Descriptive statistics can be found in Table 1. The KORA-F3 analysis dataset consists of 3071 participants, 1575 of which (51.2%) are female, in the age range 35–84 years (mean age 57.4 years) and mean BMI of 27.66. 51.7% were physically active (defined as regular activity for ≥ 1 h per week). At baseline, there were 256 participants with T2D (8.3%), 10 with type 1 diabetes and 9 other or unclear types. From the 2535 participants without prevalent T2D included in the Follow-up analysis, 163 developed T2D after the baseline visit. 35 of those participants with incident T2D and 264 without incident T2D died within the Follow-up period. Both absolute and relative numbers of T2D increased with age at baseline (Supplementary Table S1). The average age at onset (i.e. age at diagnosis as given in the interview) for participants with T2D at baseline was 58 years. Average age at baseline for those participants was 67 years. For incident T2D cases, average age of diagnosis was 67.5 years.

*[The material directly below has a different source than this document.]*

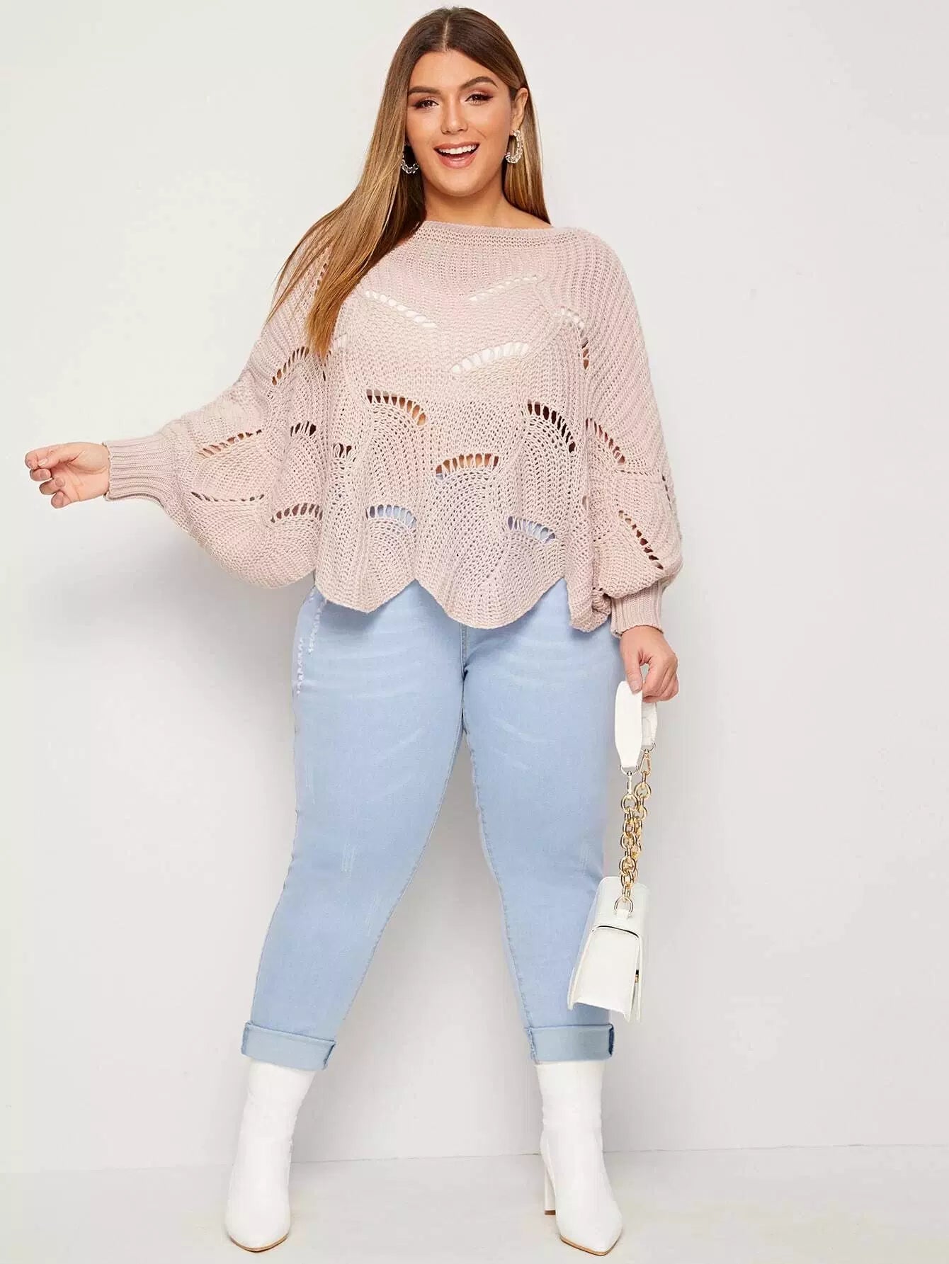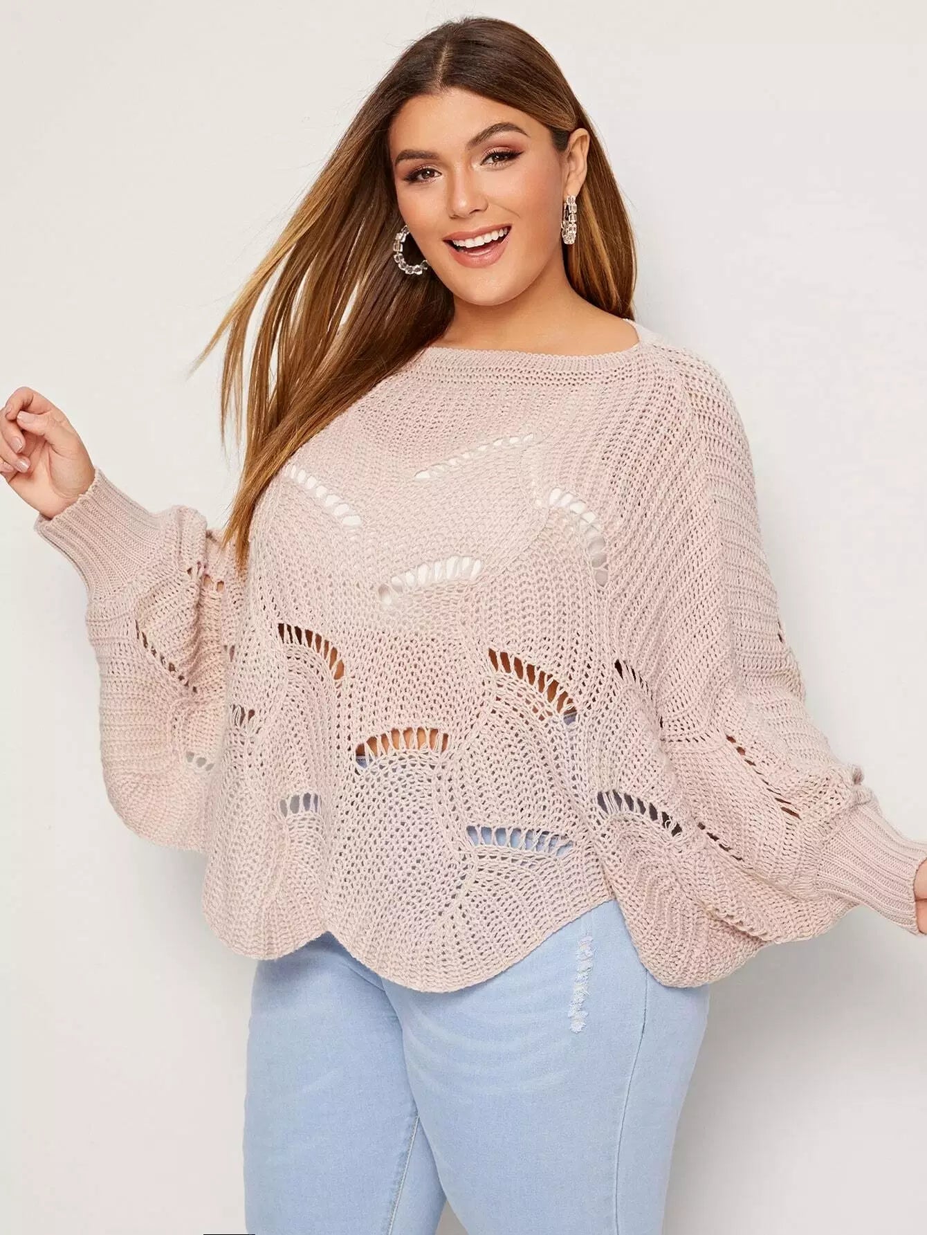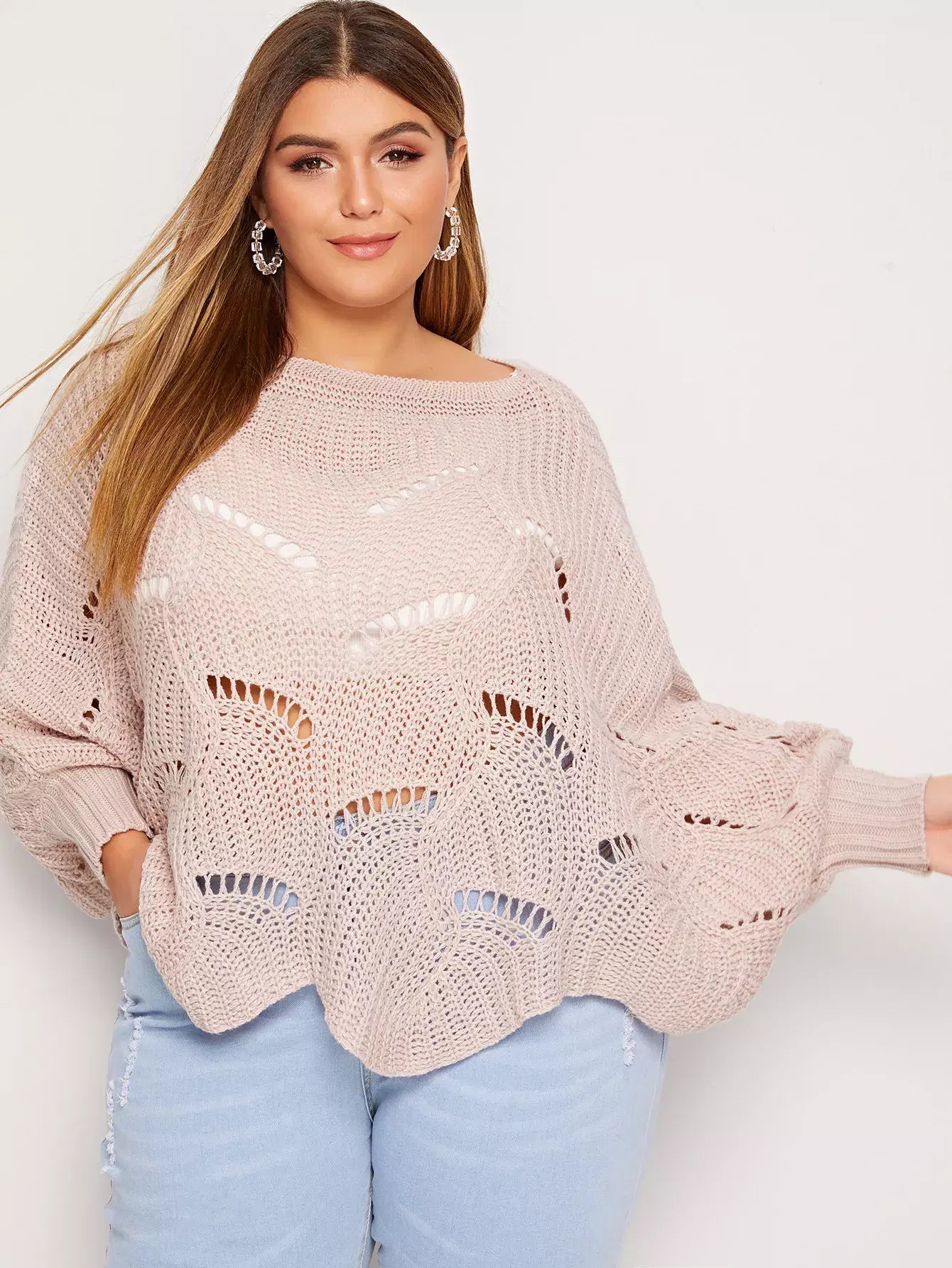 Plus Batwing Sleeve Cut Out Sweater

Table 1 Characteristics of the KORA F3 study (n = 3,071).

Distribution of the FamRS

Supplementary Fig. S1 shows the increasing proportion of T2D for increasing number of relatives affected by diabetes. The FamRS distribution markedly differs between participants with or without T2D at baseline with a high peak at 1 for non-cases and a shift to higher values for cases (Fig. 1). For the incident cases, there is an overrepresentation of peaks above zero compared to those participants not developing diabetes during follow-up (Supplementary Fig. S2). Supplementary Table S1 further shows an increase of prevalent and incident T2D over the FamRS risk categories. Supplementary Fig. S3 gives the distribution of the FamRS in T2D cases stratified in 10-year age-groups, showing a decreasing trend for increasing age. Therefore, FamRS seems to be highest for younger participants with T2D.

Figure 1
figure 1

Density plot showing the FamRS distribution in participants without (lightblue, panel A) and with T2D (pink, panel B) at baseline; the lines depict the thresholds of the FamRS categories: positive family risk (blue line), strong positive family risk (purple), very strong positive family risk (red line).

Distribution of the PGS

The overall distribution of the PGS in the KORA F3 study is given in Supplementary Fig. S4 together with corresponding distributions in 5 different populations from the 1000 Genomes reference population19. It closely matches the distribution of the Europeans, as expected. A clear right shift of the distribution can be observed in participants with T2D compared to those without T2D at baseline (Fig. 2), in consequence leading also to an increase of T2D cases for increasing percentile groups of the PGS (Supplementary Table S1). For incident cases, the shift is also notable but less pronounced (Supplementary Fig. S5). As was observed for the FamRS, the PGS is decreasing with age at baseline for T2D cases (Supplementary Fig. S6). Supplementary Fig. S7 depicts the prevalence of T2D in percentile groups of the PGS (in 5% groups from 0–5 to 95–100%). Up until the 75%-mark, there was no obvious difference in prevalence between the groups, with a steep increase above the 85%-percentile.

Figure 2
figure 2

Density plot showing the PGS distribution in participants without (lightblue) and with T2D (pink) at baseline.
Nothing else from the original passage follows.